- Theatrical release poster
- Directed by: Patrik-Ian Polk
- Written by: Patrik-Ian Polk John R. Gordon
- Story by: Q. Allan Brocka
- Produced by: Patrik-Ian Polk
- Starring: Darryl Stephens Christian Vincent Doug Spearman Rodney Chester Jensen Atwood
- Cinematography: Christopher Porter
- Edited by: Phillip J. Bartell
- Music by: Adam S. Goldman Julian Wass
- Production companies: New Open Door Productions Blueprint Entertainment
- Distributed by: LOGO Films
- Release date: October 24, 2008 (US);
- Running time: 101 minutes
- Countries: United States Canada
- Language: English
- Box office: $532,878

= Noah's Arc: Jumping the Broom =

Noah's Arc: Jumping the Broom, is a 2008 American romantic comedy-drama film based on the LOGO television series Noah's Arc. It was released on October 24, 2008, in select theaters and video on demand.

The 2025 sequel Noah's Arc: The Movie premiered on Paramount+ in June 2025.

==Synopsis==
Noah Nicholson (Darryl Stephens) and his ARC: Alex Kirby (Rodney Chester), Ricky Davis (Christian Vincent), and Chance Counter (Doug Spearman), retreat to Martha's Vineyard for Noah's intimate marriage to Wade Robinson (Jensen Atwood). While Alex's hubby, Trey (Gregory Kieth), video chats from home to babysit their newly adopted Ethiopian child, Chance brings his husband, Eddie (Jonathan Julian). Ricky is accompanied by the 19-year old Brandon (Gary LeRoi Gray), who is also Chance's student, for some lighthearted fling-dating. As the four couples hole up and attend separate bachelor parties, each relationship begins to unravel. Chance and his husband deal with unsettled problems within their marriage. Alex's energy pill-popping throughout the weekend, coupled with surprise drop-ins from Noah's boss Brandy (Jennia Fredrique) and rapper Baby Gat (Jason Steed), who is still interested in being in a relationship, does not help Noah and Wade work through last-minute jitters.

==Cast==
- Darryl Stephens as Noah Nicholson-Robinson
- Christian Vincent as Ricky Davis
- Doug Spearman as Chance Counter-McIntyre
- Rodney Chester as Alex Kirby-Iverson
- Jensen Atwood as Wade Robinson
- Jonathan Julian as Eddie McIntyre
- Jason Steed as Baby Gat
- Tonya Pinkins as Mrs.

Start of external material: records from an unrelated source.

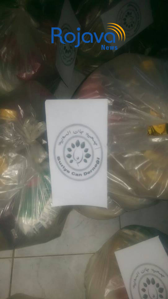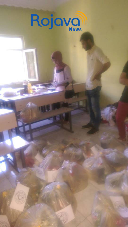 RojavaNews : بادرالمكتب الاغاثي لجمعية جان السورية بتوزيع سلات غذائية على اللاجئين السوريين في نصيبن في نصيبين يوم امس 15 . 7 . 2015 .
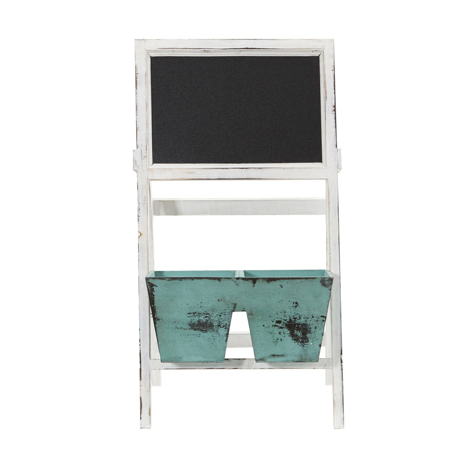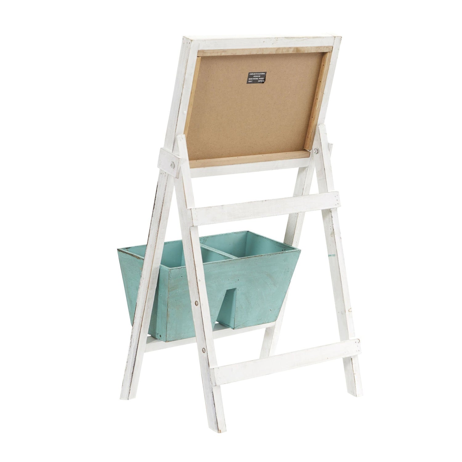 The light blue paint of the two included bins paired with the distressed white paint of the chalkboard stand ensures that this piece will look great in any room that has a rustic theme. Standing at just 26 inches, its the perfect size for any young artist in your life. Place it next to a low window so they will have plenty of inspiration for their next masterpiece.
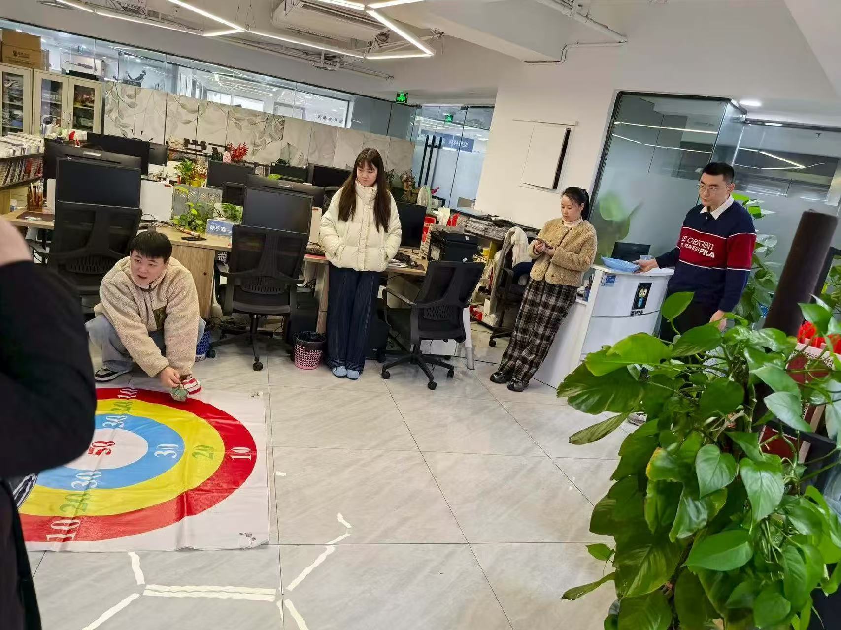 蹲在地上调试投掷垫的是项目主管;站在红线后投壶的是实习生;靠墙鼓掌的是财务大姐——这场活动里,所有岗位标签都被卸下。大家笑着、闹着,为彼此成功欢呼,为失误打趣,眼里闪着光芒。原来职场里,我们不止是同事,更是伙伴;抛开身份束缚,人与人的相处可以很简单、很温暖。

Robinson
- Gary LeRoi Gray as Brandon
- Phoebe Snow as Herself
- Jennia Fredrique as Brandy King

==Production==
According to creator Patrik-Ian Polk, who produced and directed the film and co-wrote with fellow series writer John R. Gordon, the feature film version of the series, Jumping the Broom, picks up after the series' second season cliffhanger finale and centers around the Martha's Vineyard wedding of the series' lead character Noah and his boyfriend Wade. The film was shot in Nova Scotia.

==Release==
The film had a limited release in theaters located in Los Angeles, New York City, Atlanta, Chicago, Palm Springs, and Washington, D.C. On November 7, the film was released in Ocean City, New Jersey, Detroit, and San Francisco; and November 28 in Philadelphia and Dallas.

===Critical response===
Although much lauded in the gay press, Jumping the Broom has been met with generally mixed reception elsewhere. Time Out called it "ludicrous", whilst Variety described it as "a lame feature". Several critics felt that the leap from cable to big screen was too great. The film holds a 42% rating on Rotten Tomatoes.

===Box office===
The film surprised the entertainment industry by opening at number 1 on the independent film box office report, according to IndieWire (October 27, 2008). Theaters reported multiple sold-out screenings days in advance of the release and most added additional screenings to accommodate the overwhelming fan response. In fact, the film had an opening weekend per screen average of $30,336 and narrowly came second for top per screen average by the Clint Eastwood/Angelina Jolie film Changeling, which opened in limited release the same weekend and averaged $32,601. Theaters playing the film opening weekend reported by mid-December it had taken just over $532,000 at the US box office despite the film receiving little to no mainstream marketing support and never played on more than 7 screens at once during its 7-week theatrical run. By the end of its run, the film had grossed a domestic total of $532,878.

===Accolades===
The film received three NAACP Image Award nominations: Outstanding Independent Feature Film, Outstanding Writing in a Feature Film, and Outstanding Directing in a Feature Film. The film was also nominated for GLAAD Award's for Best Feature Film (Limited Release), in which it won.

==Soundtrack==

The soundtrack was released on October 21, 2008, by Tommy Boy Records and features Michelle Williams, Bob Sinclar, Roy Young, and Phoebe Snow.

==Home media==
The film was released February 3, 2009 on DVD.